Considering the point $(0, b)$ on the ellipse. Its distance from the focus $(ae, 0)$ is $\sqrt{a^2e^2 + b^2}$ and its distance from the directrix $x = \dfrac{a}{e}$ is $\dfrac{a}{e}$.

Therefore,

$\dfrac{\sqrt{a^2e^2 + b^2}}{\frac{a}{e}} = e$

$\Rightarrow \sqrt{a^2e^2 + b^2} = a$

$\Rightarrow a^2e^2 + b^2 = a^2$

$\Rightarrow a^2e^2  = a^2 - b^2$

$\Rightarrow e^2  = 1 - \dfrac{b^2}{a^2}$

$\Rightarrow e = \sqrt{1 - \dfrac{b^2}{a^2}}$

Latus Rectum: The latus rectum is a straight line perpendicular to the major axis, passing through the focus, and terminated on both sides by the elllipse.

We can use the following method to find the length of the latus rectum.

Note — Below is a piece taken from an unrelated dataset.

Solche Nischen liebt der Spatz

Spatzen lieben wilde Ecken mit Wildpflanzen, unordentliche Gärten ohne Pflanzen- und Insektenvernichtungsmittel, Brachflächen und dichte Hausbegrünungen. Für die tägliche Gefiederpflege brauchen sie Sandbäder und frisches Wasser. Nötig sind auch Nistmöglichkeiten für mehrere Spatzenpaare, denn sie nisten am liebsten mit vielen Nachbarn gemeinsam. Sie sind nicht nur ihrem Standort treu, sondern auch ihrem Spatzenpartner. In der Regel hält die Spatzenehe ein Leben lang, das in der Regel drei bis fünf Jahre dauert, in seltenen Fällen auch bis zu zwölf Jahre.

Since the length of the latus rectum is not dependent on the position of the center, we can assume that the ellipse is centered at the orgin, therefore having an equation of the form $\dfrac{x^2}{a^2} + \dfrac{y^2}{b^2} = 1$ and has an eccentricity of $e$.

Therefore, the focii are at $(\pm ae, 0)$.

The equations of the latus rectum are given by $x = \pm ae$. We consider the right side latus rectum with the equation $x = ae$

To find the intersection point of this latus rectum we can substitute $x = ae$ in the equation of the ellipse, and get:

$\dfrac{a^2e^2}{a^2} + \dfrac{y^2}{b^2} = 1$

$\Rightarrow  \dfrac{y^2}{b^2} = 1 - e^2$

$\Rightarrow  \dfrac{y^2}{b^2} = 1 - e^2$

$\Rightarrow y = \pm b \sqrt{1 - e^2}$

Therefore, the two intersection points of the latus rectum with the ellipse are $(ae, b \sqrt{1 - e^2})$ and $(ae, -b \sqrt{1 - e^2})$.

Therefore, the length of the latus rectum is $2b \sqrt{1 - e^2}$

Substituting $e = \sqrt{1 - \dfrac{b^2}{a^2}}$ we get the length as:

$l = 2b \sqrt{1 - \left(1 - \dfrac{b^2}{a^2}\right)}$

$\Rightarrow l = 2b \sqrt{\dfrac{b^2}{a^2}}$

$\Rightarrow l = \dfrac{2b^2}{a}$

A ray of light passing through any one of the focii, after being reflected from the inner surface of an ellipse will pass through the other focii, as shown in the following property.

This, in other words, means that the normal to an ellipse at any point bisects the angle formed by the lines joining that point and the two focii.

The area of an ellipse with $2a$ and $2b$ as the major and minor axis is given by $\pi a b$. This relation can be derived using integration.

If we have an ellipse centered at the origin, represented by $\dfrac{x^2}{a^2} + \dfrac{y^2}{b^2} = 1$ and replace $x = a\cos t$ and $y = b \sin t$, then for any value of $t$, we get the $LHS$ as:

$\dfrac{x^2}{a^2} + \dfrac{y^2}{b^2}$

$= \dfrac{a^2 \cos^2 t}{a^2} + \dfrac{b^2 \sin^2 t}{b^2}$ 

$= \cos^2 t + \sin^2 t$

$= 1 = RHS$

Therefore,

$x = a\cos t$

$y = b \sin t$

satisfy the equation of the ellipse for all values of $t$, and gives us the parametric form of the ellipse.